Calib¶
- class acoular.calib.Calib¶
Bases:
InOut
Processing block for handling calibration data in *.xml or NumPy format.
This class implements the application of calibration factors to the data obtained from its
source
. The calibrated data can be accessed (e.g. for use in a block chain) via theresult()
generator. Depending on the source type, calibration can be performed in the time or frequency domain.Examples
Consider calibrating a time signal by specifying the calibration factors in NumPy format. Assume that the following white noise signal is in Volt and the sensitivity of the virtual sensor is 1e-2 V/Pa.
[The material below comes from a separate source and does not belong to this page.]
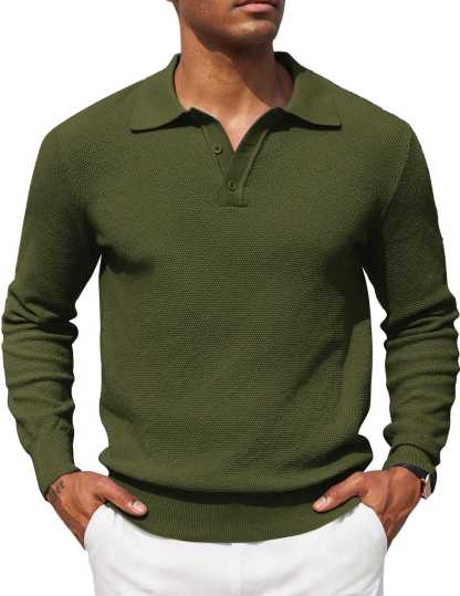 Polo collar, 3 button closure, unique waffle weave pattern, classic solid color, high elastic banded cuffs and hem

Then, the voltage signal can be converted to a calibrated sound pressure signal by multiplying it with a calibration factor of 100 Pa/V.
>>> import acoular as ac >>> import numpy as np >>> >>> signal = ac.WNoiseGenerator(sample_freq=51200, >>> num_samples=51200, >>> rms=0.01).signal() >>> ts = ac.TimeSamples(data=signal[:, np.newaxis], sample_freq=51200) >>> calib = ac.Calib(source=ts) >>> calib.data = np.array([100]) >>> print(next(calib.result(num=1))) [[1.76405235]]
The calibrated data can then be further processed, e.g. by calculating the FFT of the calibrated data.
>>> fft = ac.RFFT(source=calib, block_size=16) >>> print(next(fft.result(num=1))) [[10.63879909+0.j 3.25957562-1.57652611j -2.27342854-3.39108312j 0.07458428+0.49657939j 1.772696 +3.92233098j 3.19543248+0.17988554j 0.3379041 -3.93342331j 0.93949242+2.5328611j 2.97352574+0.j ]]
One could also apply the calibration after the FFT calculation.
>>> fft = ac.RFFT(source=ts, block_size=16) >>> calib = ac.Calib(source=fft) >>> calib.data = 100 * np.ones(ts.num_channels * fft.num_freqs) >>> print(next(calib.result(num=1))) [[10.63879909+0.j 3.25957562-1.57652611j -2.27342854-3.39108312j 0.07458428+0.49657939j 1.772696 +3.92233098j 3.19543248+0.17988554j 0.3379041 -3.93342331j 0.93949242+2.5328611j 2.97352574+0.j ]]
Deprecated and will be removed in Acoular 25.10: This class serves as interface to load calibration data for the used microphone array. The calibration factors are stored as [Pa/unit].
- file = File(filter=['*.xml'], exists=True, desc='name of the xml file to import')¶
Name of the .xml file to be imported.
- num_mics = CInt(0, desc='number of microphones in the geometry')¶
Number of microphones in the calibration data, is set automatically when read from file or when data is set.
- data = CArray(desc='calibration data')¶
Array of calibration factors, is set automatically when read from file. Can be set manually by specifying a NumPy array with shape (num_channels, ) if
source
yields time domain signals. For frequency domain signals, the expected shape is (num_channels * num_freqs).
- invalid_channels = List(int, desc='list of invalid channels')¶
Channels that are to be treated as invalid.
- channels = Property(depends_on=['invalid_channels', 'num_mics'], desc='channel mask')¶
Channel mask to serve as an index for all valid channels, is set automatically.
- import_data()¶
Loads the calibration data from *.xml file .
- result(num)¶
Python generator that processes the source data and yields the time-signal block-wise.
This method needs to be implemented by the derived classes.
- Parameters:
- numint
This parameter defines the size of the blocks to be yielded (i.e. the number of samples per block)
- Yields:
- numpy.ndarray
Two-dimensional output data block of shape (num, sourcechannels) where sourcechannels is num_channels if the source data is in the time domain or sourcechannels is num_channels*num_freqs if the source data is in the frequency domain.